Intro to Selling Internet Businesses: Part 1

Ryan Sorensen

Ryan Sorensen – Acquisition Station

With the news last month of the internet company Alibaba becoming America’s largest IPO in history and being valued higher than Facebook, Amazon, and Ebay after its first day of trading (see here), it is hard not to get excited about the lucrative internet business space.

As a broker selling close to $4M worth of internet businesses such as e-Commerce stores, SaaS and software products, online services, content sites, etc., I have seen an increase in buyer demand, and consequently valuation multiples, for these types of businesses. This is fueled by the fact that they can be managed from anywhere with an internet connection, typically have no physical inventory and relatively low overhead, and can be improved and expanded quickly.

I hope the following will help those of you with access to internet business listings to 1. Feel more comfortable about the process, 2. Better educate and serve your buyers, and 3. To make more sales!

What’s popular these days?

The most popular internet businesses tend to have the right combination of workload, technical expertise needed, proprietary items, and long term stability and growth potential. Out of the ~80 transactions I’ve been involved with in the last 3 years, here is what has sold from most to least:

  • Free content sites with ads (shifting down recently because of Google’s unpredictability)
  • Affiliate sites and lead generation
  • E-Commerce
  • SaaS and software (shifting up recently for its proprietary nature)
  • Paid content membership sites
  • Online services
  • Forums
  • Directories

Online tools you should get familiar with

Internet businesses rely on web traffic to make sales. As such, it’s most often the first thing potential buyers look at to determine the growth potential of the business. Here are a few tools that I use to examine traffic sources: – one of the best traffic analysis tools on the market. The free version will give you a quick snapshot of the trends and competition of search engine traffic, keyword rankings, and paid traffic sources. – this free tool will give you a quick look into the reputation of the site as determined by who is linking back to it. Backlinks should still be relevant for Google’s search engine algorithm for years to come (see here).

Google trends – with data collected from Google search results, this is a great way to determine the direction of a particular niche, product, topic, etc.
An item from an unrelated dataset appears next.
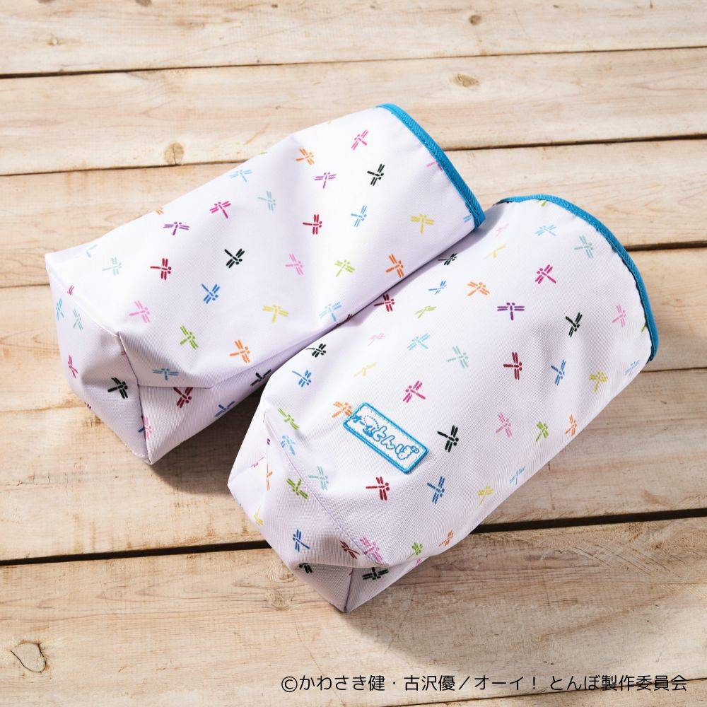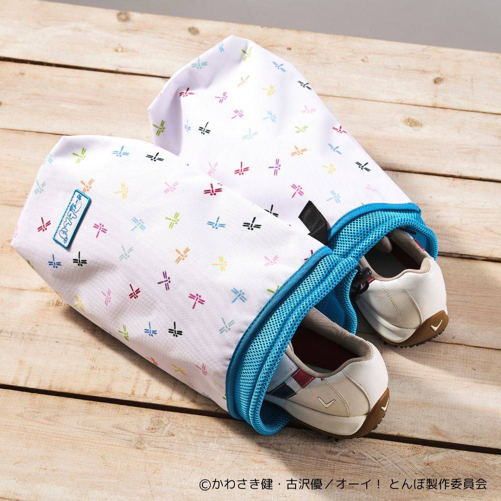 ゴルフライフをもっと楽しく便利に。「オーイ!とんぼ」のカラフルなトンボ柄のモチーフがあしらわれたシューズケースが登場しました!パイピング部分には作品の舞台であるトカラ列島の海をイメージしたトカラブルーをアクセントに、「オーイ!とんぼ」のタイトルロゴパッチが付いていて、デザイン性も抜群。靴を1足ずつ収納できる巾着タイプで、シューズ同士が擦れて傷つく心配がありません。キャディバッグやトートバッグとおそろいで使えば、統一感も楽しめるアイテムです。

Be sure to search multiple keywords surrounding the industry, business model, and in some cases the business name.

Google analytics – this is currently the most trusted analytics tool amongst buyers as it shows valuable data and trends, and more importantly gives insights into how the business can be improved upon. Always check to see if the website has Google analytics installed and ask for user access from the seller so you can save off PDF reports for buyers.

Note: The main sources of web traffic are search engines (keyword rankings), referring sites (links from other sites back to the site), paid (Google Adwords, banner ads, etc.), social media (FB, Twitter, etc.), and direct (user types the URL directly into browser).
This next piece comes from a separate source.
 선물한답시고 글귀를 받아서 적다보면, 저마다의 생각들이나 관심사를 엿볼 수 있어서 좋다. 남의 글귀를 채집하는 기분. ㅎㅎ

Common red flags and scams

It’s tough to convince buyers to spend tens of thousands of dollars on something they can’t physically touch or observe, so it’s critical to provide quality proof of revenue, expenses, business relationships, user data, etc. through screenshots, video conferences, downloadable reports, tax returns, etc.

I’d say the majority of internet business owners are honest, hard-working people, but there are some that try to take advantage and it’s important to be aware for the sake of your buyers.

The most common red flags and scams are:

  • Fake revenue screenshots. There are programs that make it easy to switch the numbers directly on a webpage, so it’s important to have the seller login to their merchant accounts live while on a video conference call and have them download and send you the reports. Back these up with tax returns, online shopping cart reports, and bank statements when available.
  • Fake traffic. It is possible to blast a website with fake traffic (bots, hired people) for a few months that can actually produce some income, but which usually quickly disappears after the site has been sold. Look for unnatural spikes in traffic and backlinks, and be sure to ask the seller specifically what they’ve done and who they’ve worked with to get traffic.
  • Seller unwilling to share all requested DD items. For example, be aware of revenue proof that only show the numbers and not the account name, URL source, and dates.
  • Generic reason for the sale. Dig deeper into why someone is selling, even if their stated reason might be true (no time to run it, lack of interest, other projects, etc.).